In the case of missing data (progesteron intensity), Krippendorff’s alpha showed a slightly lower estimate than Fleiss’ K which is in line with the results of the simulation study.

For variables with more than two measurement levels, we also assessed how the use of an ordinal scale instead of a nominal one affected the predicted reliability. As Fleiss’ K does not provide the option of ordinal scaling, we performed this analysis for Krippendorff’s alpha only. Alpha estimates increased by 15–50 % when using an ordinal scale compared to a nominal one. However, use of an ordinal scale gives for these variable correct estimates of alpha as data were collected in an ordinal way. Here, we could obtain point estimates from 0.70 (HER-2 score) to 0.88 (estrogen group) indicating substantial agreement between raters.

Discussion

We compared the performance of Fleiss’ K and Krippendorff’s alpha as measures of inter-rater reliability. Both coefficients are highly flexible as they can handle two or more raters and categories. In our simulation study as well as in a case study, point estimates of Fleiss’ K and Krippendorff’s alpha were very similar and were not associated with over- or underestimation. The asymptotic confidence interval for Fleiss’ K led to a very low coverage probability, while the standard bootstrap interval led to very similar and valid results for both, Fleiss’ K and Krippendorff’s alpha. The limitations of the asymptotic confidence interval approach are linked to the fact that the underlying asymptotic normal distribution holds only true for the hypothesis that the true Fleiss’ K is equal to zero. For shifted null hypotheses (we simulated true values between 0.4 and 0.93), the standard error is no longer appropriate [18, 23]. As bootstrap confidence intervals are not based on assumptions about the underlying distribution, they offer a better approach in cases where the derivation of the correct standard error for specific hypotheses is not straight forward [2426].
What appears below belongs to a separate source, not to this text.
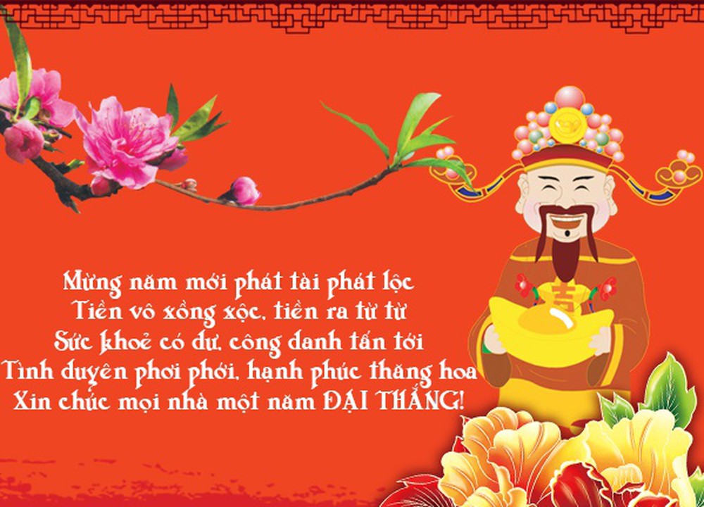 Mừng 2020 phát tài phát lộc/ Tiền vô xồng xộc, tiền ra từ từ/ Sức khoẻ có dư, công danh tấn tới/ Tình duyên phơi phới, hạnh phúc thăng hoa/ Xin chúc mọi nhà một năm đại thắng.
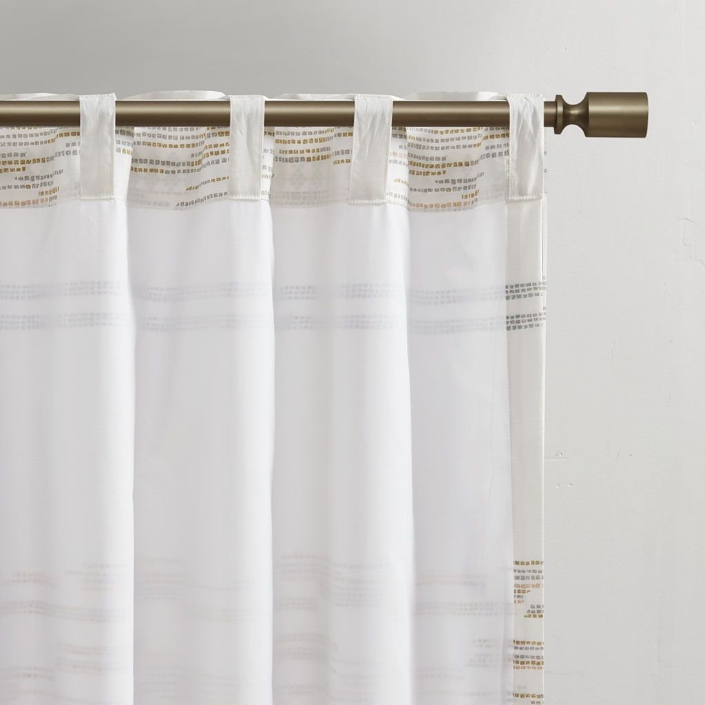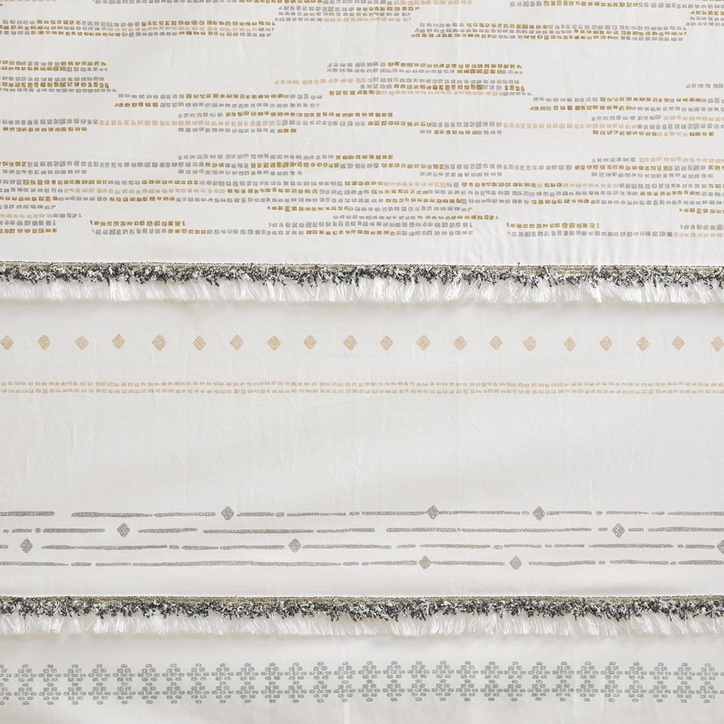 Elevate your home decor with the modern boho style of our INK+IVY Nea Cotton Printed Tassel Trim and Lined Window Curtain. This off white/gray cotton window panel features fresh printed stripes and tassel detailing creating a rich artisanal texture, for a shabby chic look and feel. A lightweight white cotton lining on the reverse softly filters light, while providing better drapability and added privacy. Each panel is finished with a rod pocket top for easy hanging, and back tabs for a more clean and tailored finish. This window panel is sold as a single and 2 window panels must be purchased to cover any standard size window. Complete the look with coordinating bedding sets and bath decor, available and sold separately.

In a technical sense, our conclusions are only valid for the investigated simulation scenarios, which we, however, varied in a very wide and general way. Although we did not specifically investigate if the results of this study can be transferred to the assessment of intra-rater agreement, we are confident that the results of our study are also valid for this application area of Krippendorff’s alpha and Fleiss’ K as there is no systematic difference in the way the parameters are assessed. Moreover, the simulation results for the missing data analysis are only valid for MCAR conditions as we did not investigate scenarios in which data were missing at random or missing not at random. However, in many real-life reliability studies the MCAR assumption may hold as missingness is indeed completely random, for example because each subject is only assessed by a random subset of raters due to time, ethical or technical constraints.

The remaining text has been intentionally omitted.